One of the challenges agencies face in their quest to adopt analytics is managing the volume of data stored in various silos. Locked away in those disparate systems are datasets that could help explain trends or enable agencies to plan for future events — if only people could be access them.
But even the data that agencies can account for may be outdated or inaccurate, which is often referred to as “dirty data.” For the data that is usable, agencies must decide how best to store, manage and analyze it.
Ben Snively, Senior Solutions Architect on Amazon Web Services’ (AWS) public sector team, recommended that agencies start their analytics journey with a set of business questions that they want to answer with data analytics. “That may not be a complete set of questions, but a smaller set that can lead to quick wins and buy-in from multiple stakeholders,” Snively said. “Agencies should involve engineers, analysts and other business stakeholders who can benefit from agency system data.”
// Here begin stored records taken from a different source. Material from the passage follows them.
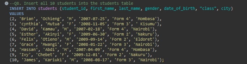 Without the WHERE clause, this UPDATE would change EVERY student's city to Nairobi. That's a nightmare scenario. Always double-check your WHERE conditions before running UPDATE or DELETE commands.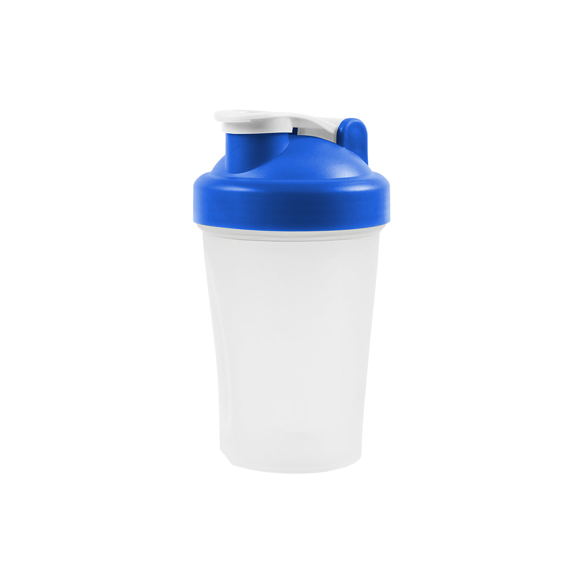 Botella mezcladora de plástico polipropileno con agitador metálico y tapa de rosca en color con orificio para salida de liquido que cuenta con tapa de seguridad. Capacidad de 500 ml 16.5 oz.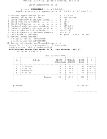 Oddział LISOWICE, gołębie dorosłe, rok 2014. LISTA KONKURSOWA NR 10 -----------------------z lotu HELMSTEDT z dnia 28.06.14 Współrzędne miejsca wypuszczenia 52:15:05.0 N 10:59:00.0 E. 1.Godzina wypuszczenia gołębi...........: 7,15,00 2.Średnia odległość z lotu..............: 560.380 km 3.Ilość członków biorących udział.......: 56 4.Ilość wysłanych gołębi................: 1544 5.Ilość konkursów.......................: 386 6.Predkość najszybszego gołębia.........: 1274.59 7.Predkość najwolniejszego gołębia......: 1099.20 8.Czas przybycia 1-go gołębia...........:14,35,41 9.Czas przybycia ostatniego gołębia.....:15,43,37 10.Czas trwania konkursu.................:1 godz. 7 min. 56 sek. 11.Warunki atmosferyczne w miejscu odlotu :POGODNIE w miejscu przylotu:POGODNIE 12.System obliczania współzawodnictwa....: Seria 30 liczy się pierwszych 8 konkursów Punkty stałe 60.0 + szybkosc/100 MISTRZOSTWO TRADYCYJNE seria 30/8, loty maraton 15/5 [1] Lot do MP w kat.B, C. ROZLICZENIE LOTU +----+-------------------------+--------+--------+-------+-----+ | Nr | Sekcja | ILOŚĆ | WKŁAD. | ZDOB. | % | | | |HODOWCÓW| GOŁĘBI | KONK. | | +----+-------------------------+--------+--------+-------+-----+ | 1 | Lisowice | 17 | 493 | 99 |20.08| | 2 | Steblów | 14 | 489 | 165 |33.74| | 3 | Kochcice | 12 | 278 | 48 |17.27| | 4 | Glinica | 13 | 284 | 74 |26.06| +----+-------------------------+--------+--------+-------+-----+ | Razem: | 56 | 1544 | 386 | | +------------------------------+--------+--------+-------+-----+ Opracował: ---------------- Za Zarząd: ------------------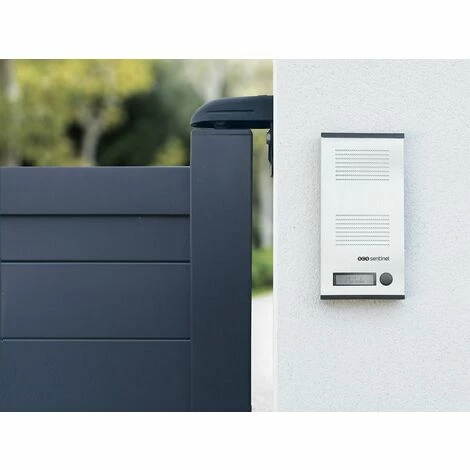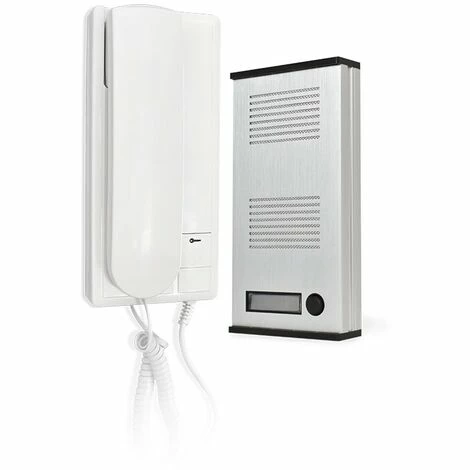Interphone audio 2 fils avec combinĂ© blanc dâintĂ©rieur et platine de rue audio en aluminium pour pose en applique. Porte-Ă©tiquette rĂ©tro-Ă©clairĂ© et transformateur intĂ©grĂ©s.

From there, having a game plan and knowing what cost effective solutions are available to support data analytics is key. For example, NASA’s Jet Propulsion Laboratory and the Food and Drug Administration are among the agencies using AWS, a leading cloud platform provider, to simplify workloads and ensure they are paying only for the resources they use. AWS offers tools and services that enable agencies to quickly migrate data into its secure environment and benefit from what Snively and his colleagues call the “undifferentiated heaving lifting” of technology infrastructure that AWS provides.
“With AWS, agencies are able to use various services that will perform a lot of the common tasks for analytics and data science, such as run Hadoop as a service,” Snively said. “This approach allows them to really focus on what matters for the mission, rather than the heavy lifting of standing up the infrastructure and analytical services.”
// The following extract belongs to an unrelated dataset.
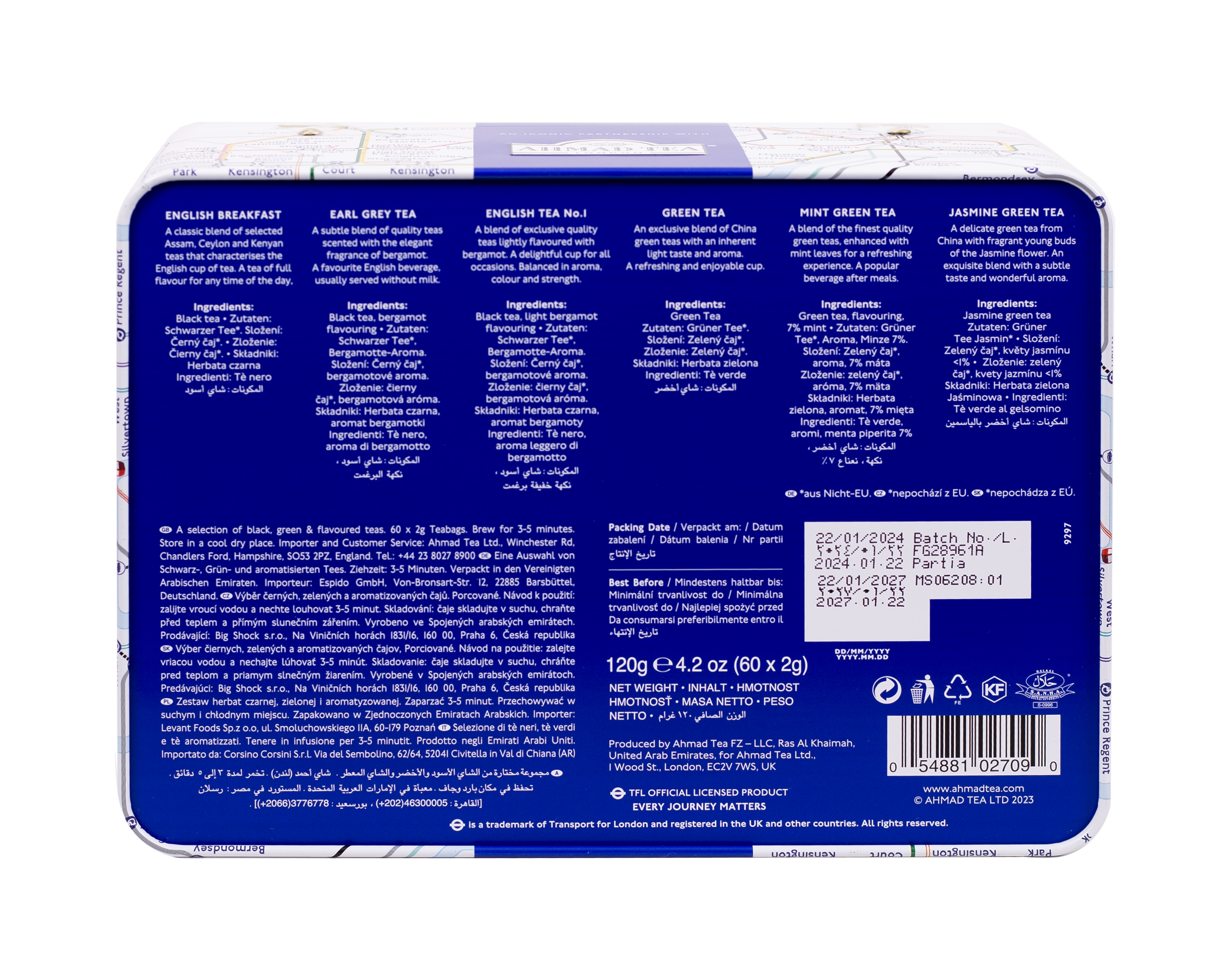 Kolekcja Ahmad Tea London Underground to elegancki zestaw prezentowy herbat, który oferuje starannie dobrany wybór wysokiej jakości mieszanek dla wszystkich miłośników herbacianych rytuałów. Zestaw zawiera 60 torebek herbaty, łącząc klasyczne czarne herbaty, aromatyczne herbaty zielone oraz orzeźwiające mieszanki owocowe.

The exponential growth of existing data sources makes it challenging to predict storage requirements even a year or two down the road. The same is true for projecting the need for computing resources.
If agencies get that projection wrong, they’re either paying for resources they don’t need or they have unhappy employees who don’t have access to the analytics capabilities to do their jobs. With AWS, agencies don’t have to worry about guessing how many servers or software licenses they will need for the duration of a project.
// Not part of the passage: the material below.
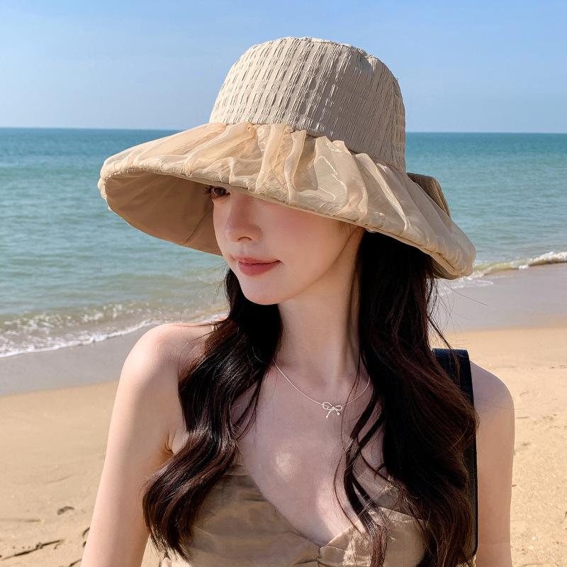 Summer new hat women's sunshade sunscreen bow bucket hat breathable mesh seaside beach sun hat

“You really get to grow into what you need based on the demand that you have at a given time,” Snively said. “We see agencies coming to AWS to simplify big data in their organizations by leveraging the tools and techniques they use to run analytics.”
Government agencies can now easily stand up projects and experiment using tools from various AWS partners or managed services. “By using Amazon Kinesis, customers are able to focus on real-time analytical needs, rather than focusing on standing up a real-time stream,” Snively said.
On the data storage front, NASA shifted to a new infrastructure model that uses AWS for cloud-based enterprise infrastructure. This model supports a variety of web applications and websites in a secure environment, while providing nearly $1 million in annual cost savings for NASA.
Amazon Redshift, a petabyte-scale data warehouse, is another area that’s growing in popularity. Think of it as processed and structured data that allows analysts to run business intelligence tools to gain mission insight. This is different from a big data lake, which often includes a variety of datasets. These can be structured or unstructured and can contain raw and unprocessed data.
Federal agencies aren’t the only ones benefiting from easy access to their data. The Financial Industry Regulatory Authority (FINRA), an independent nonprofit organization authorized by Congress to protect America’s investors, migrated about 75 percent of its operations to AWS. The move enabled FINRA to create a flexible platform that adapts to changing market dynamics and provides its analysts with tools to interactively query multi-petabyte datasets. The organization estimates it will save up to $20 million annually by using AWS instead of a physical data center infrastructure.
“Once you have the cloud computing environment, you’re able to run new analytics with a simple click,” Snively said. “You can choose from the AWS Marketplace or managed services and experiment with many tools quickly. These services are transforming the way agencies are able to run analytics.”